*EXERCISE*
Only the lines of the data holding the string "Studio" need to be returned.
+ + +
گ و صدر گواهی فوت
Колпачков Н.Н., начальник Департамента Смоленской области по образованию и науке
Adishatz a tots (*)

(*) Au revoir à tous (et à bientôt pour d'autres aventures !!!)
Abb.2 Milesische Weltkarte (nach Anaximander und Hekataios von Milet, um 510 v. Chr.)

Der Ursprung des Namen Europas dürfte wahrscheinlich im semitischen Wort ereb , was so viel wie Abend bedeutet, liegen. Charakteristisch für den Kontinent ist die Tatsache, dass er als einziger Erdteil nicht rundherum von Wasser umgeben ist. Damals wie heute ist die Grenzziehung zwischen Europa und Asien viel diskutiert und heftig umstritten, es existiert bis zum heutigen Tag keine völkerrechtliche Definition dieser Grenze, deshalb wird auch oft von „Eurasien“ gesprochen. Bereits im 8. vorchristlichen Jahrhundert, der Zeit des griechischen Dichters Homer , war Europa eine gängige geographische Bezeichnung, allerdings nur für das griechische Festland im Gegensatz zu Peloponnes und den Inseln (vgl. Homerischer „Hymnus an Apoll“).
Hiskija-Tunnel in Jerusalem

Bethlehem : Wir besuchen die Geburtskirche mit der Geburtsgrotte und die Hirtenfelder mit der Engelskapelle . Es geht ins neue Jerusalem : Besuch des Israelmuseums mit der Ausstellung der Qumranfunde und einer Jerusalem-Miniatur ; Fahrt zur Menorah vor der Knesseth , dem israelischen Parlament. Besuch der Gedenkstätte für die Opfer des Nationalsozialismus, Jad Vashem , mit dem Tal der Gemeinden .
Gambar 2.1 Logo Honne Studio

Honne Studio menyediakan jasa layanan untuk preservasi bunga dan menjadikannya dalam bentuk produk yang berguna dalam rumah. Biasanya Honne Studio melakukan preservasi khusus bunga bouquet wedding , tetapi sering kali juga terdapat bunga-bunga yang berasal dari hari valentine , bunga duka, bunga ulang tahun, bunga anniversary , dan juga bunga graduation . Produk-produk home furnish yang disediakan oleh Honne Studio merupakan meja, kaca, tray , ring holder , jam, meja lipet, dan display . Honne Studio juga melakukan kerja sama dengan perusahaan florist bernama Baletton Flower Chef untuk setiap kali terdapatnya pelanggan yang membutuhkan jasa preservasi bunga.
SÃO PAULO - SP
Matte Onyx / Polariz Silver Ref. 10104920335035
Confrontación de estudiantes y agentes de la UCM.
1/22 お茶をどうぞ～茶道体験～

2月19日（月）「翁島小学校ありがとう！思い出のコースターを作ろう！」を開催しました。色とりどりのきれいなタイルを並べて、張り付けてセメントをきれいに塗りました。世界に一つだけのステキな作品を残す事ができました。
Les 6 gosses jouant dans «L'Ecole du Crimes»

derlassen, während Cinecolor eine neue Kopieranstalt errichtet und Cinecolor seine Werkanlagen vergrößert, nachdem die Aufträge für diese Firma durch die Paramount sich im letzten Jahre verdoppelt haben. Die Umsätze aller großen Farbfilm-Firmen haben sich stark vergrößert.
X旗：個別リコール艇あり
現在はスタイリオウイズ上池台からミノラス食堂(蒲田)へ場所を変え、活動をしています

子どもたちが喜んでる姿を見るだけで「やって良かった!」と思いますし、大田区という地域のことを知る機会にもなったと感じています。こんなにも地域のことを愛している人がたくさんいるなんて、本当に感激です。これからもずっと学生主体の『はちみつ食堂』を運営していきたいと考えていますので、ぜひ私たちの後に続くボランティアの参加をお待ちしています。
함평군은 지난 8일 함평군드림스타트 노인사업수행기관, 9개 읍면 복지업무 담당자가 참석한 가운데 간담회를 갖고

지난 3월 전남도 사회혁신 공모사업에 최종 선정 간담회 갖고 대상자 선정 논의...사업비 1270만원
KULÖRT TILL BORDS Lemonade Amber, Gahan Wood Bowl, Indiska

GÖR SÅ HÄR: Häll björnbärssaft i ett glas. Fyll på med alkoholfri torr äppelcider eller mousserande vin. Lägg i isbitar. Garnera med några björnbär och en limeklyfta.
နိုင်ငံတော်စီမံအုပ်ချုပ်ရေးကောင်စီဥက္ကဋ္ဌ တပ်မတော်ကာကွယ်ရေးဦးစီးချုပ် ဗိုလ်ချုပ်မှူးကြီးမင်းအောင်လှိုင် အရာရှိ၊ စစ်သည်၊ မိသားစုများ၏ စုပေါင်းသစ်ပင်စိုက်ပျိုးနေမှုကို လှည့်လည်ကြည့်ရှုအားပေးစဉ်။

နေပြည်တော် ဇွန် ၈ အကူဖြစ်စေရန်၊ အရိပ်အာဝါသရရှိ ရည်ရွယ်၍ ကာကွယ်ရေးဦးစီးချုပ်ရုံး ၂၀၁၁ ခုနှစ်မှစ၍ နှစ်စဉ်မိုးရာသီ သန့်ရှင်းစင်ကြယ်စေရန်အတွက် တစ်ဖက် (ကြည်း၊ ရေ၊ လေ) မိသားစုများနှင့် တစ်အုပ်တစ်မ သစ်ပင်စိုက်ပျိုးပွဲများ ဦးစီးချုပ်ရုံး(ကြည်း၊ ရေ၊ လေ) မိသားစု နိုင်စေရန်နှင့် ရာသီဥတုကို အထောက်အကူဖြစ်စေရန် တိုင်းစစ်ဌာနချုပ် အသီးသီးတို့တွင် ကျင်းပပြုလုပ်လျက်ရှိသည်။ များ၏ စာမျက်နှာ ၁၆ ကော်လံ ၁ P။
+ + +
*ANSWER BELOW*
Gambar 2.1 Logo Honne Studio
Honne Studio menyediakan jasa layanan untuk preservasi bunga dan menjadikannya dalam bentuk produk yang berguna dalam rumah. Biasanya Honne Studio melakukan preservasi khusus bunga bouquet wedding , tetapi sering kali juga terdapat bunga-bunga yang berasal dari hari valentine , bunga duka, bunga ulang tahun, bunga anniversary , dan juga bunga graduation . Produk-produk home furnish yang disediakan oleh Honne Studio merupakan meja, kaca, tray , ring holder , jam, meja lipet, dan display . Honne Studio juga melakukan kerja sama dengan perusahaan florist bernama Baletton Flower Chef untuk setiap kali terdapatnya pelanggan yang membutuhkan jasa preservasi bunga.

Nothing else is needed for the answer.